Какое-то мучительно-жалостное чувство проснулось в душе у Веры при виде этого до боли знакомого затылка, начавшего покрываться короткими русыми волосами. Взгляд задержался на отчетливом пятнышке — значит, было ранение и в голову. Приблизившись, она тихо позвала:
— Алеша… Алешенька… — И испуганно умолкла.
Раненый не пошевелился. Страшное сомнение внезапно охватило Веру. Когда она шла сюда, она до мельчайших подробностей видела эту встречу — как войдет в палату, бросится к нему на грудь и осыплет поцелуями, как он протянет к ней свои исхудавшие руки и радость засветится
Неужели это Алексей? Нет, это не Алексей, его невозможно узнать, он такой маленький… Она боялась смотреть туда, где должны быть ноги. Она знала: их там нет…
Беспомощно она взглянула на сестру.
Та поняла и, наклонившись над раненым, громко сказала ему в самое ухо:
— Больной, к вам пришли! — И добавила — для Веры: — У него контузия. С ним надо разговаривать очень громко, иначе он не услышит.
Подавляя первое чувство отчужденности и внезапно возникшей растерянности, уже стыдясь своей слабости, Вера опустилась перед раненым на колени и, слегка прикасаясь к нему руками, заговорила громко и ласково над его ухом:
— Алешенька! Это я, Вера!..
Безмерная материнская нежность и сострадание затопили ее, усиливаясь с каждой минутой; она припала к нему, бессвязно повторяя сквозь слезы:
— Алешенька! Ты слышишь меня? Я — твоя жена, Вера…
Раненый сделал слабое движение, как бы желая высвободиться. Вера вскочила. Руки!.. Они же забыли сказать про руки! У него нет и рук!
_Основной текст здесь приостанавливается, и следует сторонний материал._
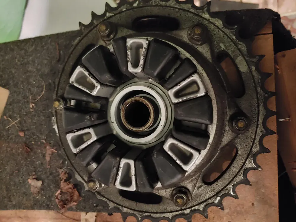 Kot odgovor na nihanja moči v območju nizkih vrtljajev 150-kubičnega enovaljnega motorja Yamaha YBR150Z guma za blaženje zadnjega kolesa motornega kolesa s svojo odlično zmožnostjo elastične deformacije učinkovito odpravi sunkovitost izhodne moči, doseže linearen in gladek prenos moči ter znatno izboljša udobje pri vožnji.

От него уже не осталось ничего, что напоминало бы прежнего статного и сильного Алексея!..
Медленно-медленно больной повернул голову на подушке, и на Веру глянуло чужое, все в багрово-синих рубцах, изуродованное лицо с пустыми впадинами вместо глаз. Большой белый шрам наискось пересекал эту страшную маску. Вера вскрикнула и лишилась чувств.
6
Она очнулась в знакомом кабинете. Сестра держала ее голову, главный врач давал нюхать что-то из флакона. Тут же был и замполит. Крупными шагами он ходил из угла в угол, озабоченно взглядывая на группу у кресла, в котором полулежала Вера.
— Вы не переменили своего решения? — спросил он, когда она окончательно пришла в себя и могла разговаривать.
— Я беру его к себе. Что я должна делать, чтоб облегчить его существование? Сколько он может прожить в таком состоянии?
Она замерла, ожидая ответа.
— Он может умереть каждую минуту и может прожить годы, — ответил главный врач. — Организм очень крепкий, хотя и сильно подорван.
— Да, у него всегда было очень хорошее здоровье, — как эхо отозвалась Вера. В глазах у нее все еще стоял страшный обрубок человека с искаженным багрово-синим лицом и пустыми, мертвыми глазами.
Здесь же, в этом кабинете, Веру познакомили со всеми обстоятельствами ранения Алексея, — теперь это незачем было скрывать от нее. Его нашли на поле боя неузнаваемо обезображенным; мина изуродовала лейтенанта, мороз довершил остальное. Документов у него не было, его опознали только по письму к жене, спрятанному на груди во внутреннем кармане. Он писал, что уходит на опасную операцию, надеется вернуться, но — на войне возможны всякие случайности, — если не вернется, пусть товарищи перешлют жене это его последнее письмо. Если бы не это письмо, числиться бы ему в без вести пропавших.